2. Write — `POST /v0/topics/:topic`

Append one or many records. The server assigns seqs and returns them. The single write endpoint also carries inline config (applied only on lazy create) so the common case needs no separate configure call.

Request body

{
  "records": [
    { "data": { "type": "resize", "url": "s3://b/a.png", "w": 256 },
      "tag": "tenant42:job-9001", "node": "worker-eu-1", "meta": { "trace": "abc123" } },
    { "data": "raw-opaque-or-base64", "tag": "tenant42:job-9002" }
  ],
  "node": "worker-eu-1",
  "idempotency_key": "client-batch-7f3a",
  "create": true,
  "config": { "ttl_ms": 60000, "cap_records": 1000000 },
  "disable_backpressure": false
}

Field	Type	Req?	Meaning
`records`	array	yes	1..=`MAX_BATCH_RECORDS`. Seqs assigned in array order, contiguously.
`records[].data`	any JSON	yes	Opaque payload (may be `null`).
`records[].tag`	string	no	Match key for deletion (§5). ≤ `MAX_TAG_BYTES`.
`records[].node`	string	no	Per-record origin node; overrides batch-level `node`. ≤ `MAX_NODE_BYTES`.
`records[].meta`	object	no	Small headers, returned verbatim. ≤ `MAX_META_BYTES`, ≤ 64 keys.
`node`	string	no	Batch-level default origin node (the common one-writer case).
`idempotency_key`	string	no	Dedupe key (§0.8), scoped to this topic. ≤ 256 chars.
`create`	bool	no	Overrides the topic's `auto_create` for this write only. `true` ⇒ auto-create if absent; `false` ⇒ `404 topic_not_found` if absent (Redis `NOMKSTREAM`, prevents typo-topics). Default = topic's `auto_create`.
`config`	Topic config	no	Applied only if this write creates the topic. Ignored if the topic exists (config changes on an existing topic go through `PUT`).
`disable_backpressure`	bool	no	If `true`, opt out of `429` for this write; server may queue instead. Default `false`.

Behavior

A write is atomic: all N records commit with contiguous seqs, or none do. No partial append.
node is recorded as $node; on later reads/SSE by that same node these records are filtered out (§4.5).
Durable topics: response held until fsync completes. Non-durable: acked on buffered append.
Full topic: discard:"old" evicts oldest and the write succeeds (eviction may later surface as a tombstone to lagging consumers). discard:"reject" ⇒ 422 topic_full, nothing appended (all-or-nothing), writer learns synchronously (never ack-then-drop).

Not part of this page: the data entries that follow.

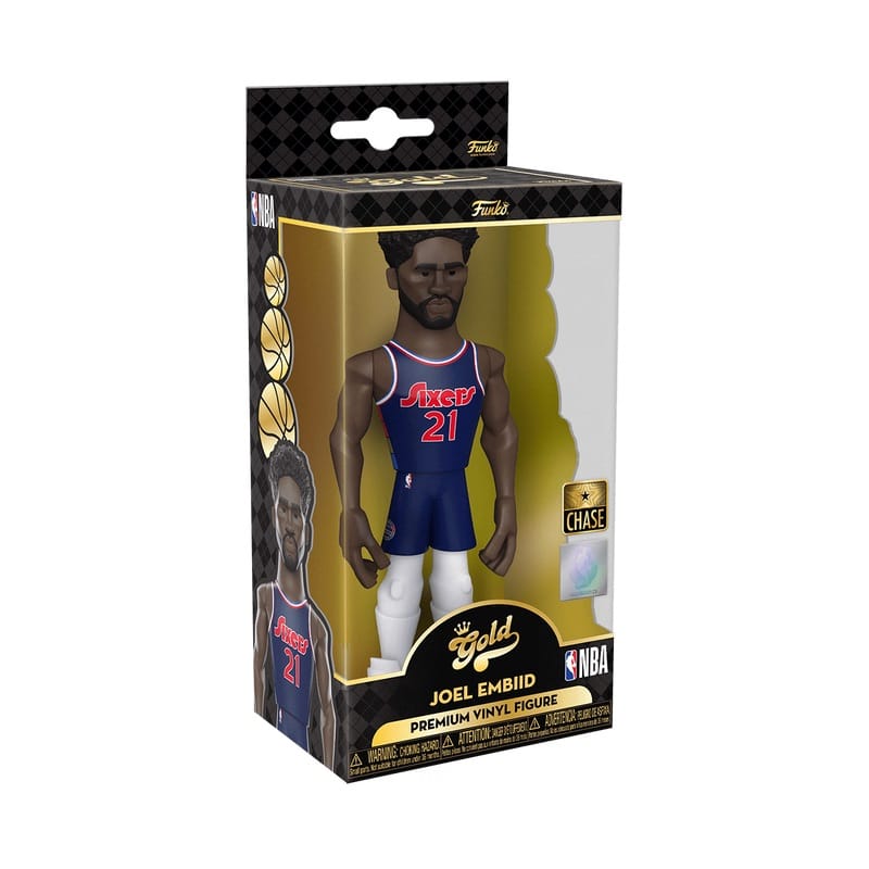 Vinyl Gold 5 figurine ″ Joel Embiid – 76ers would be the perfect gift for a basketball fan! Add the new Funko GOLD Joel Embiid premium vinyl figure to your NBA collection. This 5-inch (13 cm) tall Joel Embiid collectible figure wears a red Philadelphia 76ers home uniform. GOLD is the perfect way to commemorate some of your favorite NBA players in your collection. Each figure comes in an elegant, display-ready box that's easy to stack with other GOLD collectible figures. There is a 1 in 6 chance you can find a Chase option with Joel Embiid in the blue 76ers away jersey.
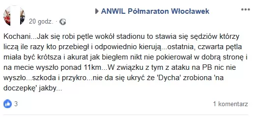 Jubileuszowa połówka we Włocławku obfitowała w dobre czasy i rekordy życiowe. Niestety radość z ich uzyskania nie trwała długo. Okazało się, że trasa - nie tylko biegu głównego - była za krótka. Co się stało, że zabrakło 700 m? - pytają na portalach społecznościowych uczestnicy.
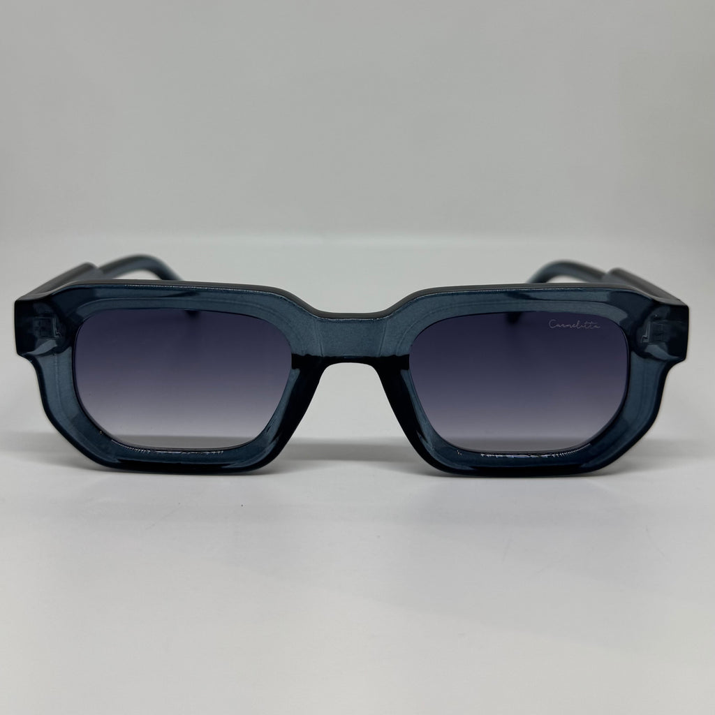 Óculos com hastes em acetato azul translúcido com lente roxa degrade.
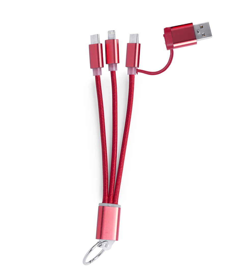 Ladekabel mit zwei Micro-USB / Lightning- und Typ-C-Anschlüssen (Eingang und Ausgang). Aluminiumanschlüsse und Metallplakette speziell für die Lasergravur entwickelt.
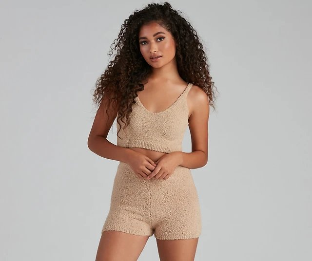 Ribbed Knit Scoop Neck Pajama Crop Top

Response (200, or 201 if this write created the topic)

{
  "topic": "jobs",
  "first_seq": 480232, "last_seq": 480234,
  "seqs": [480232, 480233, 480234],
  "head_seq": 480234, "count": 3,
  "created": false, "deduped": false,
  "performance": { "server_total_ms": 0.62, "wal_append_ms": 0.10, "fsync_ms": 0.39 }
}

seqs may be suppressed with ?return_seqs=false for huge batches (then only first_seq/last_seq are returned). deduped: true means an idempotency_key matched a prior in-window write; seqs are the original ones and no new append happened.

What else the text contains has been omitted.